The smaller maps are some of my favourite, mainly because they highlight the heroes the most. There’s Droid Run, another capture the flag (only this time the flag is moving), Hero Hunt and Heroes vs Villains (my personal favourite of all nine modes). In Heroes vs Villains, all six heroes are in play. The first one to lose all three heroes (three for each team) loses the round. It’s particularly awesome when you have a showdown, like this one time I beat Darth Vader as Luke Skywalker. The same when I killed Boba Fett as Han Solo. I would’ve liked more heroes, good and bad, as the franchise is so big, so to be limited to just six is a bit of a sucker punch.
A Visual Spectacle
What excels more than anything else in this game are the visuals. I have never played a more beautiful game. From the animation to the explosions, everything is highly detailed and cannot be faltered. I couldn’t spot a single frame out of place and not one sound effect was delayed. To say this game is polished is a massive understatement. It’s slick, clean and breath taking. You almost want to look at things, but you really can’t, you know, because enemies. Another positive was how well it handled in both first and third person. I chose to play in third person because it looked more like Star Wars and it’s generally my preferred playstyle.
It’s not all roses though. There’s very little in the way of customisation. The weapons are shockingly limited and the Star Card system does not look like it has a full deck. Character customisation is also fairly limited. For a game this pricey, I’d expect a proper character create section. Instead, you’re given basic-looking characters and you need unlock minor details using the game’s credit system. In total, there are 11 guns and 24 star cards. The only character I’d like to unlock is the Twi’Lek, but I need to have 17 000 credits and be at Rank 50 to unlock it – what a nightmare.

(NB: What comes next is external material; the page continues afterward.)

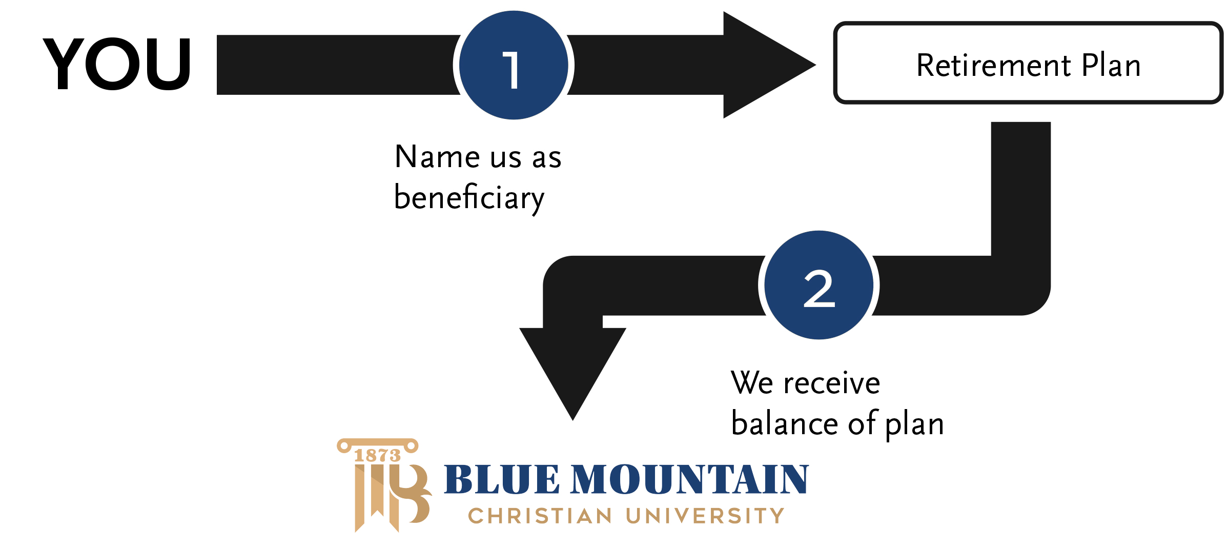 You can simply name Blue Mountain Christian University as a beneficiary of your retirement plan to shape students to serve Christ for a lifetime.

The offline stuff can easily be completed in about 3 – 4 hours (the survival maps taking up most of that time), but the meat of the game is in the multiplayer. If you’re a Battlefield fan or a Star Wars fan, then you’ll find this part wonderful. Getting to play in all-out warfare in AT-STs, A-Wings or as Han Solo will give you the best gaming highs of all. Despite not being an online fan, I’ve pumped in about 8 hours and played 49 matches – not bad for a game with no story.
The Price Is Problematic
Star Wars Battlefront was surprisingly entertaining, but my biggest apprehension about it is the price tag. Although I enjoyed it, I just don’t think it’s worth the price tag. It’s too much for a game that doesn’t offer a lot. The 9 modes are great, but with only four planets (out of an entire freaking universe) and a tiny selection of customisables, as well as a small roster of hero characters, I just can’t see the justification behind it.
Star Wars Battlefront is a clear cash cow, but that doesn’t mean it’s a crappy one. There are plenty of crap cash-ins out there. This one is polished and looks gorgeous. Its main drawback is how it’s being treated: a means to get lots of money for as little as possible, which is a shame. Give it a respectable story and dozen more maps, and this would’ve been a winner.